Ostern steht vor der Tür, und während viele sich auf entspannte Feiertage freuen, droht auf den Schienen im Südwesten Deutschlands das pure Chaos. Die Deutsche Bahn hat beschlossen, gleich zwei zentrale Strecken für umfangreiche Bauarbeiten zu sperren. Was Reisende jetzt wissen müssen, um nicht im Zugchaos zu versinken.

Bauarbeiten im Südwesten: Was steckt dahinter?

Die Bahn hat sich entschieden, die Schnellfahrstrecke zwischen Mannheim und Stuttgart sowie die Rheintalbahn zwischen Karlsruhe und Basel über Ostern zu sperren. Der Grund? Dringende Sanierungsarbeiten, die nicht länger aufschiebbar sind. Besonders der Freudensteintunnel bei Knittlingen sorgt für Kopfzerbrechen. Dort quillt Anhydrit-Gestein bei Wasserkontakt auf und bedroht die Tunnelschale. Die geplante Lösung: Ein 1.000 Meter langes Drahtnetz soll die Sicherheit erhöhen. Kostenpunkt? Rund 7,5 Millionen Euro, wie „merkur.de“ berichtet.

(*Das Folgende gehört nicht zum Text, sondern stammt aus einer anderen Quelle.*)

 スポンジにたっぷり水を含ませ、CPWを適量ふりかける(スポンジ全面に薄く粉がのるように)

Reisende im Zugchaos: Was erwartet sie?

Von Gründonnerstag bis Anfang Juni bleibt die Strecke Mannheim-Stuttgart dicht. Das bedeutet für Pendler und Reisende: längere Fahrzeiten und zusätzliche Umstiege. Verzögerungen von bis zu 40 Minuten sind keine Seltenheit. Und als ob das nicht genug wäre, endet der Fernverkehr aus dem Norden während der Sperrung der Rheintalbahn entweder in Karlsruhe oder Baden-Baden. Weiter geht’s dann mit dem Bus Richtung Süden.

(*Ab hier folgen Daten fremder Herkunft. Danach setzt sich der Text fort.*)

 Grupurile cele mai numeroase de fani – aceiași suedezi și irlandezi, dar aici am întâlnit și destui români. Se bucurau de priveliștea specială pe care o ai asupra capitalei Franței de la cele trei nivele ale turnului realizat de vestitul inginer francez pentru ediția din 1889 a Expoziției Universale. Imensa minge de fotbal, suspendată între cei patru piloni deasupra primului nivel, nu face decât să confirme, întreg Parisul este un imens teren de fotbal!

Regionale Auswirkungen: Nahverkehr im Ausnahmezustand

Auch der Nahverkehr bleibt nicht verschont. Zwischen Karlsruhe, Rastatt und Baden-Baden ist teilweise nur ein Gleis befahrbar. Besonders heikel wird es zwischen Rastatt und Baden-Baden, wo die Strecke für 24 Stunden komplett gesperrt wird. Ersatzbusse sollen die Lücke füllen, aber Achtung: Fahrräder bleiben draußen. Die Entscheidung, ausgerechnet über Ostern zu bauen, begründet die Bahn mit dem geringeren Reisendenaufkommen an Feiertagen.

Die Entscheidung, solche Bauarbeiten ausgerechnet über Ostern durchzuführen, mag aus Sicht der Bahn logisch erscheinen. Doch für Reisende bedeutet es Stress pur. Die Kommunikation könnte besser sein, und die Bahn sollte sicherstellen, dass die Alternativen tatsächlich funktionieren. Eine gute Planung ist zwar der Schlüssel, aber ohne verlässliche Informationen und funktionierende Ersatzlösungen bleibt der Frust nicht aus.